In La, gran breach a reiterates that the 1% of individuals who amass 99% of capital would also live better in more egalitarian societies. What is your strongest argument to convince them?
The first thing they should do is take their jet and go to some of the Latin American countries where the inequalities are acuter and observe their peers living in fortified urbanizations and taken by private security teams, with the lives of their children in daily danger on my way to school. Would they want these bunker communities for them? Many economic and political studies have coincided in pointing out that the degree of violence in a society increases in parallel with the degree of its inequality. In the United States we have witnessed that if this collides in turn with the racial conflict, revolts like those of Ferguson or Baltimore are unleashed. But we must not imagine such extremes to wish that inequalities diminish. The simple fact that they exist is an affront to democracy.
How did you avoid the puffiness that the Nobel could have caused?
You usually receive the Nobel Prize in Economics when your ideas have long exerted a strong influence, so, fortunately, you do not suddenly become a spoiled adult. My postulates had been taught in the universities for a long time, so it was not as if things suffered a big change overnight. In addition, we economists love to discuss, so being decorated in Stockholm is not a guarantee that your colleagues will listen to you more.
“For my ideas
I’m inspired by biology,
epidemiology, in how diseases are dispersed, in the visual arts … “
Where do you find inspiration for your economic ideas?

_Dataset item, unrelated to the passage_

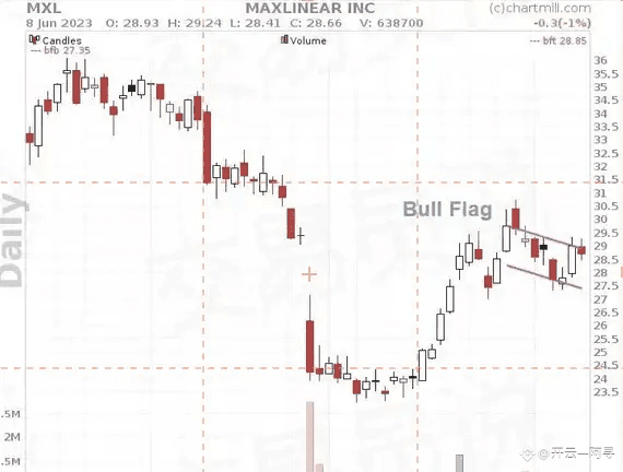 看张旗形(Bull Flag)是技术分析领域中的一种形态。它出现在上升趋势中,其特征是一个整理阶段,表现为一个小矩形或略微向下的斜率,随后向上突破,恢复上升趋势。
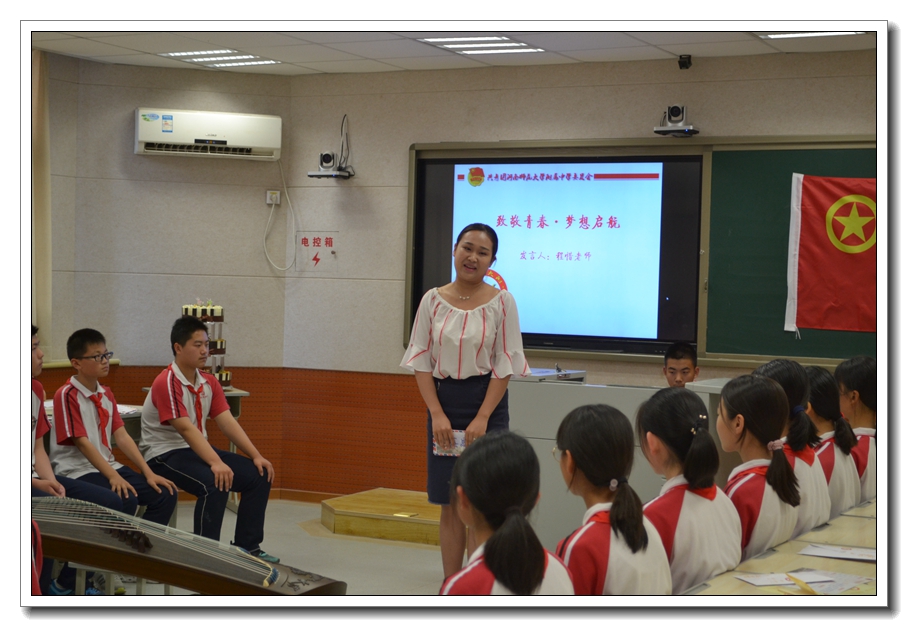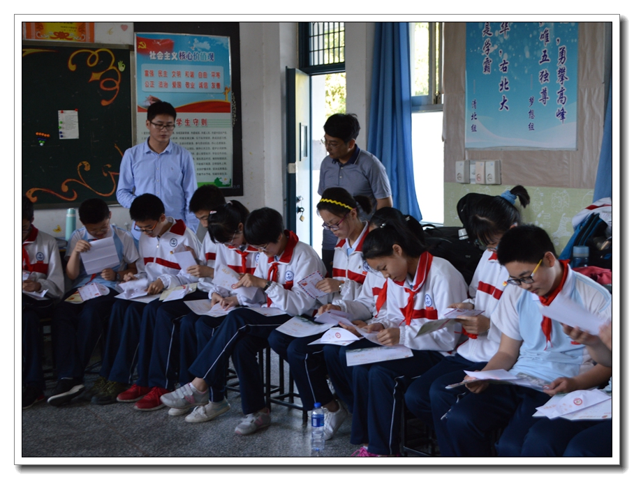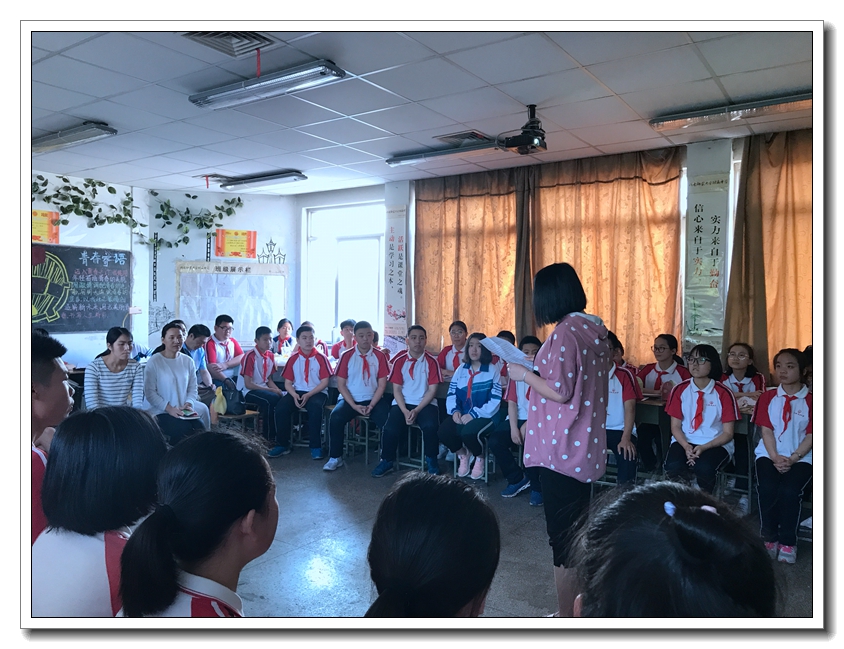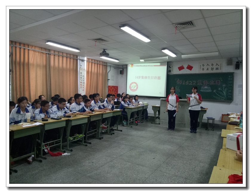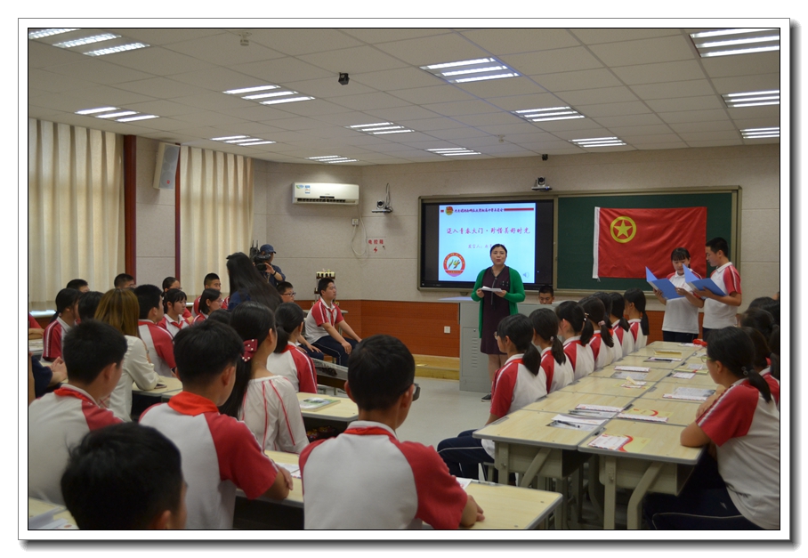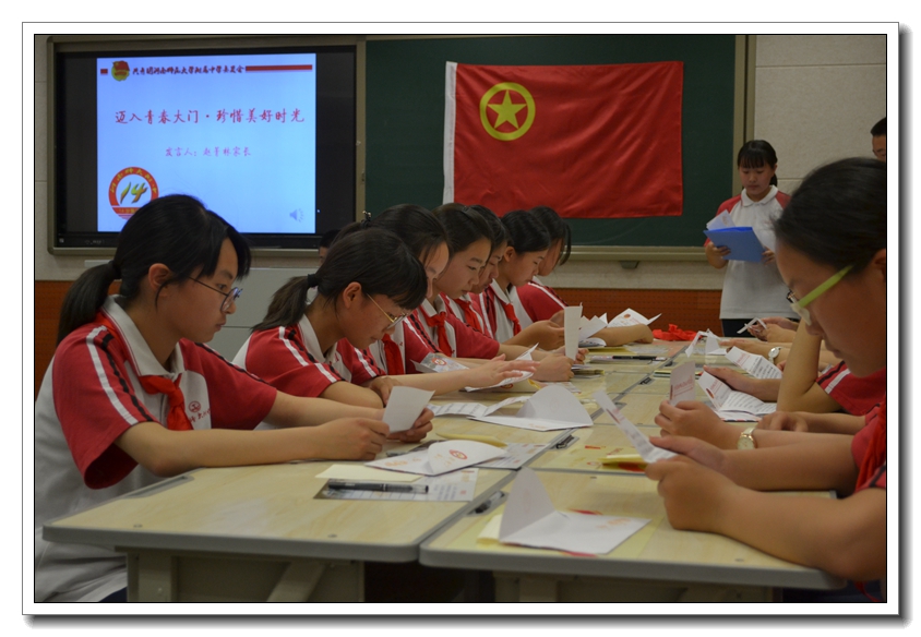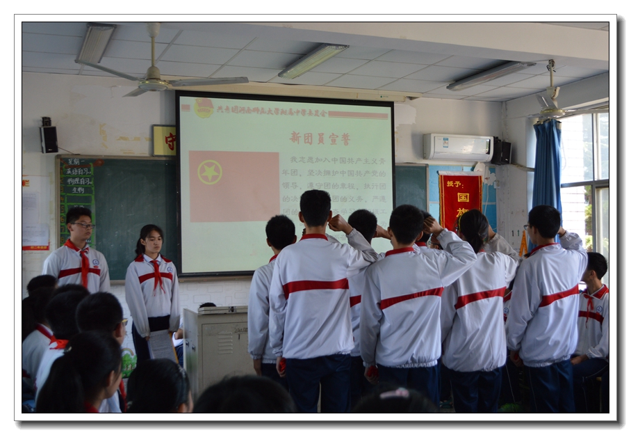 为深入贯彻落实共青团中央《关于在全团集中开展“学习总书记讲话 做合格共青团员”教育实践的通知》的精神和要求,积极开展“与人生对话——我的中国梦”主题教育实践活动,响应我校关于进一步贯彻家校共育相关精神,根据我校团委统一部署,5月15日下午,实验部初二年级、初中部初二年级举办了“14岁集体生日暨新团员退队入团仪式”主题团日活动。该活动受到新乡市教育局和学校领导的高度重视,同时也受到新乡市电视台的热切关注。新乡市教育局综合实践课教研员马文晓、我校常务副校长刘齐晋深入年级观摩指导,校团委、实验部、初中部、现代教育技术中心等部门中层领导陪同观摩。

Exploring other scientific fields, such as biology. Epidemiology, for example, has thoroughly studied the spread of contagious diseases, and it is very stimulating to study the extent to which economic crises follow similar or divergent patterns. Also, the visual arts have helped me to go in search of different readings and impressions. It has inspired me in a special way to see how the same pictorial theme has been interpreted in very varied ways by artists.
This year he turns 50 as a university professor. What have been the guides that have governed their teaching?

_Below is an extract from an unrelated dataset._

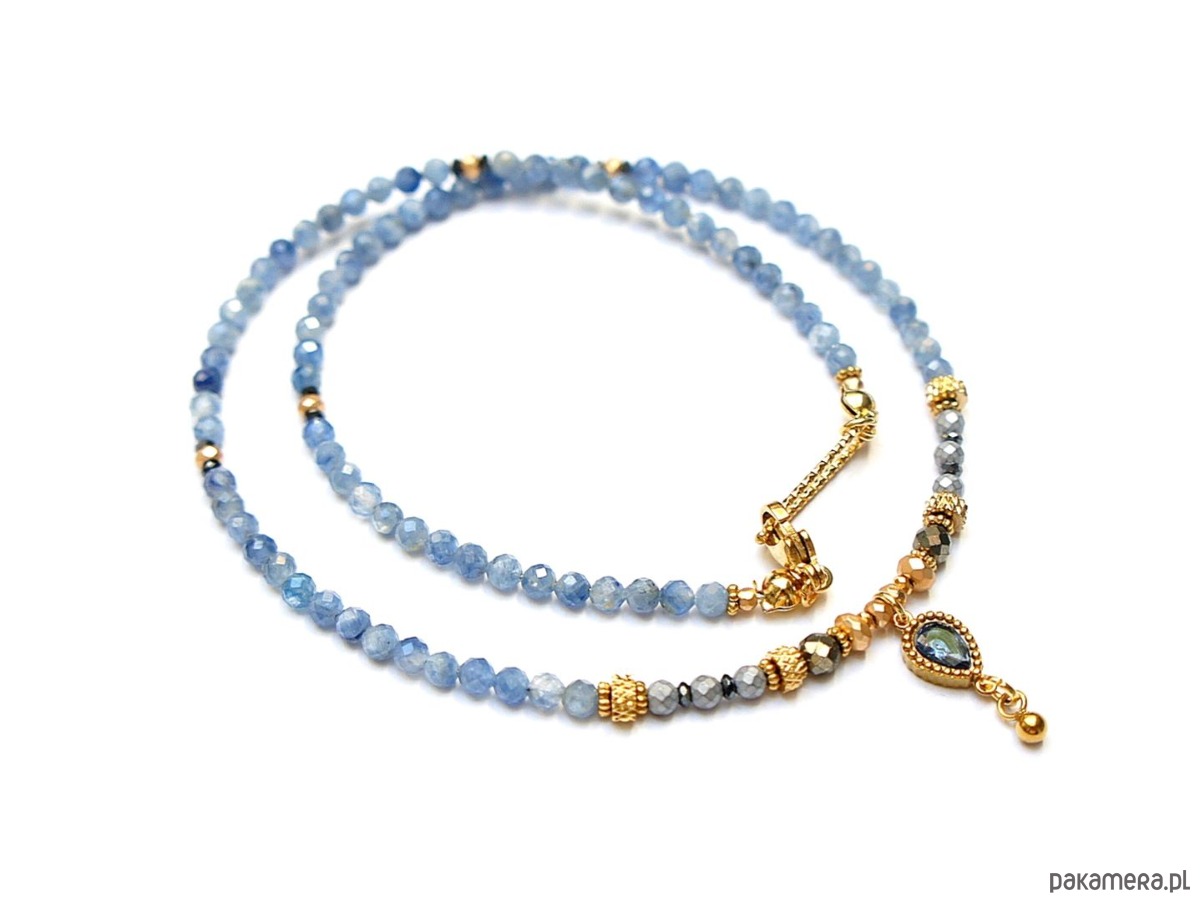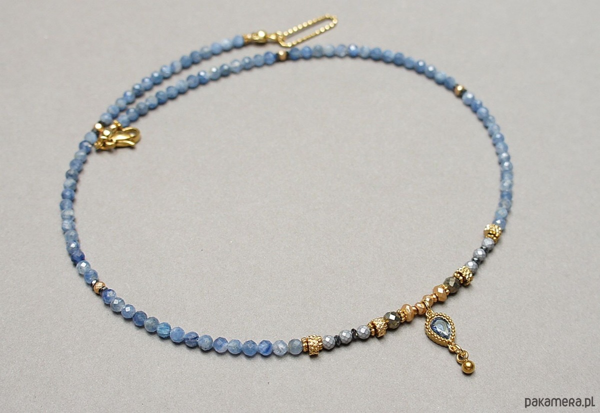 Krótki, delikatny naszyjnik wykonany w całości z pozłacanej stali szlachetnej oraz naturalnych, szlachetnych kamieni - fasetowany kyanit [3mm], piryt fasetowany [4mm], hematyt fasetowany, platerowany [2mm i 3mm], przekładek z hematytu [1mm] oraz łącznika z cyrkonią w okuciu. Naszyjnik o długości ok. 42,5cm.

One of the factors that I have emphasized the most has been in critical thinking, I have aspired that my students think for themselves. They should take the standard models and find out what went wrong, question everything they are taught. The second thing they must internalize is that economics does not work in the same way as physics: if in physics we handle the wrong formula, atoms will not behave badly, but if we do the same in the field of economics, we can generate instability and inequality . Consequently, responsibility rests on their shoulders and therefore they have to reflect on the social consequences of their work. Last but not least, I have tried to motivate them and help them grow as people.